**The problem:** Once you find the line with "Summer still retain" in the entries below, return exactly every line from it through the line with "กระบี่ 26 ก.ค.".

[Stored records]

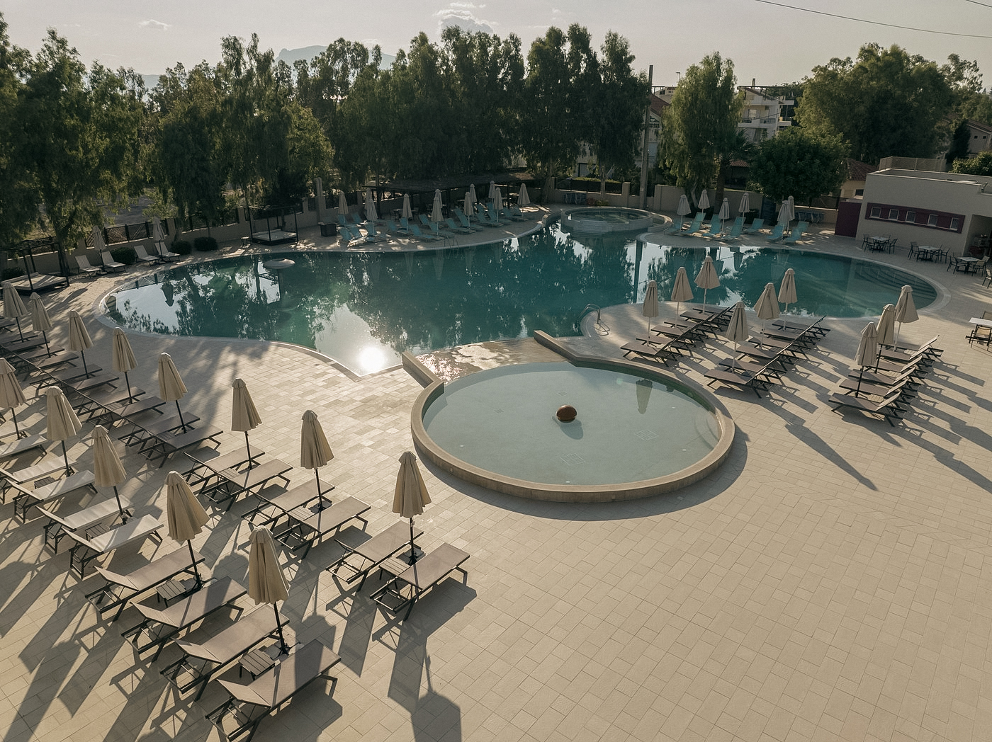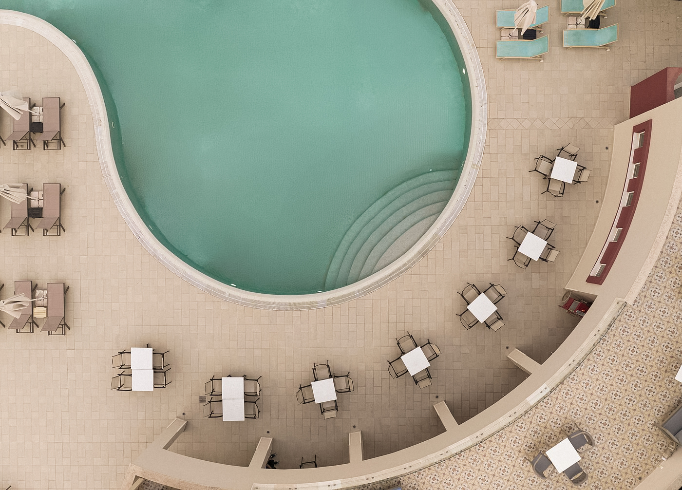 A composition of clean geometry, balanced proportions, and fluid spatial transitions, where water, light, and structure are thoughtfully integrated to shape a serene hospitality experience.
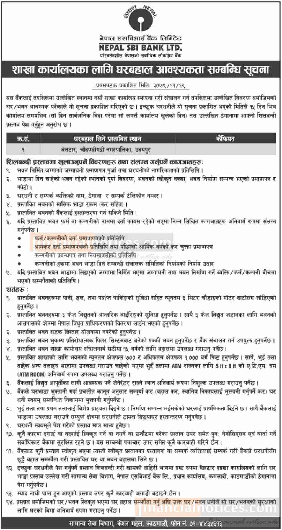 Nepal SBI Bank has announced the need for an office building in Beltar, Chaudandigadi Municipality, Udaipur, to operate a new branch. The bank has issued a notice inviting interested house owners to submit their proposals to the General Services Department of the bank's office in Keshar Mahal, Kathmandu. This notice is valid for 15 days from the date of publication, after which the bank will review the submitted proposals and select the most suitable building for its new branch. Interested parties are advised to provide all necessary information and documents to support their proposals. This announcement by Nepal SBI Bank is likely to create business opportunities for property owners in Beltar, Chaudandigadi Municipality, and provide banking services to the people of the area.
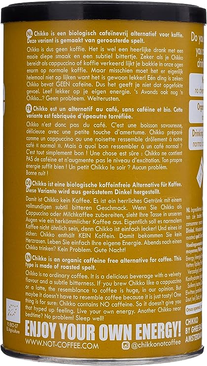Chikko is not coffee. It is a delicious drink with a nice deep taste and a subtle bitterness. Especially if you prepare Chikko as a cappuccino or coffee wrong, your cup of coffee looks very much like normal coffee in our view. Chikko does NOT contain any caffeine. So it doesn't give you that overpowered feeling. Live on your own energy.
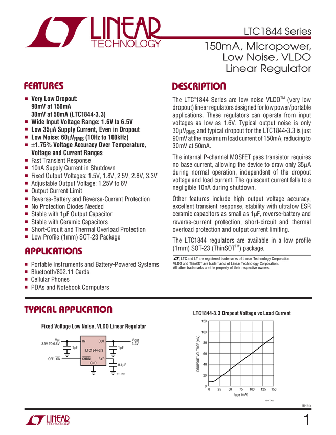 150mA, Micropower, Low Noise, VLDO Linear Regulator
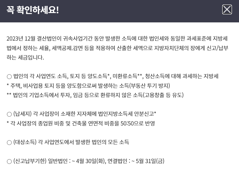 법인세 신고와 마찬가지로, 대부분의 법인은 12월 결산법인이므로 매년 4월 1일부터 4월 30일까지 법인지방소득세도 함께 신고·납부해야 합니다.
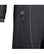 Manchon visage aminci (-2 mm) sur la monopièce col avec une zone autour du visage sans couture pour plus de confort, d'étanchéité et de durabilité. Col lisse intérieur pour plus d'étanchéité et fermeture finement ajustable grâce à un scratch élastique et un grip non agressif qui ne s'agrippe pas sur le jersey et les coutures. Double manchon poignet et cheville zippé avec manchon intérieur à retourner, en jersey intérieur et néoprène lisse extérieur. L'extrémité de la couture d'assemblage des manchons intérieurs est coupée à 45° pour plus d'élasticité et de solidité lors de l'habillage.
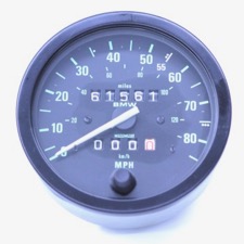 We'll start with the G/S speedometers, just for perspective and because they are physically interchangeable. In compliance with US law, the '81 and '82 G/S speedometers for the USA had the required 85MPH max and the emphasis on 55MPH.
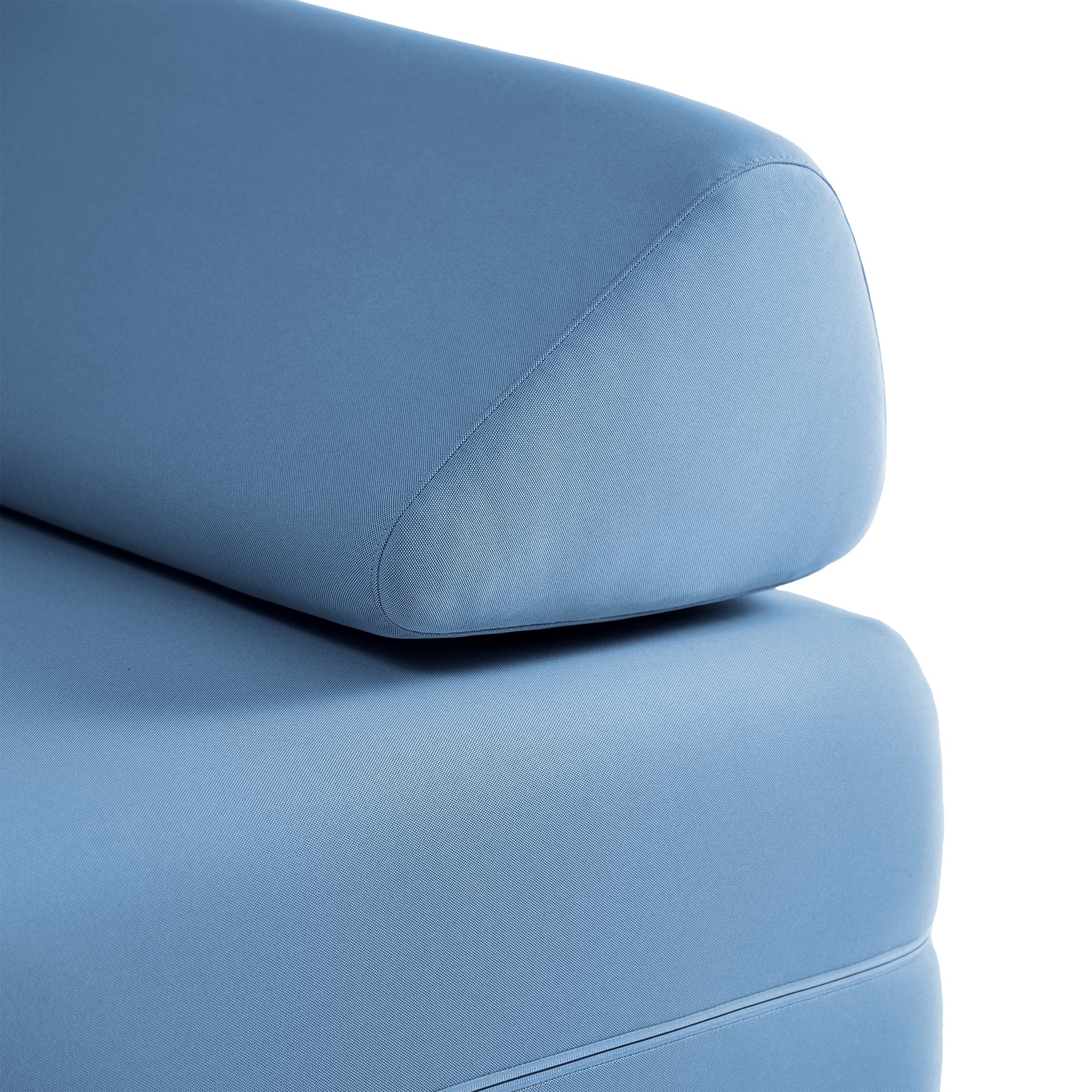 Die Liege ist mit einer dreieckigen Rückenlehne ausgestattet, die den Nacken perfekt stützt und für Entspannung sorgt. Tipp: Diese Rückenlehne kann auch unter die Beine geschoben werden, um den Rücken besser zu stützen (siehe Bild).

--

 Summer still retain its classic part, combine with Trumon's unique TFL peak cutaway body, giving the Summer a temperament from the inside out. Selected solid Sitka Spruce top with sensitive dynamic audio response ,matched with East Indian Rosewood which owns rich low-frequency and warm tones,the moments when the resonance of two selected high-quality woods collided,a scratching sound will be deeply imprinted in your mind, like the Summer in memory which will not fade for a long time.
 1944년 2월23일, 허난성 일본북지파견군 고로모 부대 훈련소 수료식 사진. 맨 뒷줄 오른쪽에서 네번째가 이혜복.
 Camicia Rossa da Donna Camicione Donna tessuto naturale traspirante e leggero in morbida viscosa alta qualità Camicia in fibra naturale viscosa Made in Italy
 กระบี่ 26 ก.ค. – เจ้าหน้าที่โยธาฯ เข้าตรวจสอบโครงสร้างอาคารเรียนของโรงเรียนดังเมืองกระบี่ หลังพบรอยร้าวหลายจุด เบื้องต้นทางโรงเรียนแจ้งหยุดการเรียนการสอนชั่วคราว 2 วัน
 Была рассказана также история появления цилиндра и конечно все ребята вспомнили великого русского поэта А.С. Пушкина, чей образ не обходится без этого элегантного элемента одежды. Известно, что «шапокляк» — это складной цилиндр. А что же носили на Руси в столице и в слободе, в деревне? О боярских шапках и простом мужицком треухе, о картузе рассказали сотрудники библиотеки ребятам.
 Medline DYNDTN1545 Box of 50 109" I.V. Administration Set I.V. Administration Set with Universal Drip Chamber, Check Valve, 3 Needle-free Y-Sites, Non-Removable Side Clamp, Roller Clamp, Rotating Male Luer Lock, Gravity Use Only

**Exercise output:**
 Summer still retain its classic part, combine with Trumon's unique TFL peak cutaway body, giving the Summer a temperament from the inside out. Selected solid Sitka Spruce top with sensitive dynamic audio response ,matched with East Indian Rosewood which owns rich low-frequency and warm tones,the moments when the resonance of two selected high-quality woods collided,a scratching sound will be deeply imprinted in your mind, like the Summer in memory which will not fade for a long time.
 1944년 2월23일, 허난성 일본북지파견군 고로모 부대 훈련소 수료식 사진. 맨 뒷줄 오른쪽에서 네번째가 이혜복.
 Camicia Rossa da Donna Camicione Donna tessuto naturale traspirante e leggero in morbida viscosa alta qualità Camicia in fibra naturale viscosa Made in Italy
 กระบี่ 26 ก.ค. – เจ้าหน้าที่โยธาฯ เข้าตรวจสอบโครงสร้างอาคารเรียนของโรงเรียนดังเมืองกระบี่ หลังพบรอยร้าวหลายจุด เบื้องต้นทางโรงเรียนแจ้งหยุดการเรียนการสอนชั่วคราว 2 วัน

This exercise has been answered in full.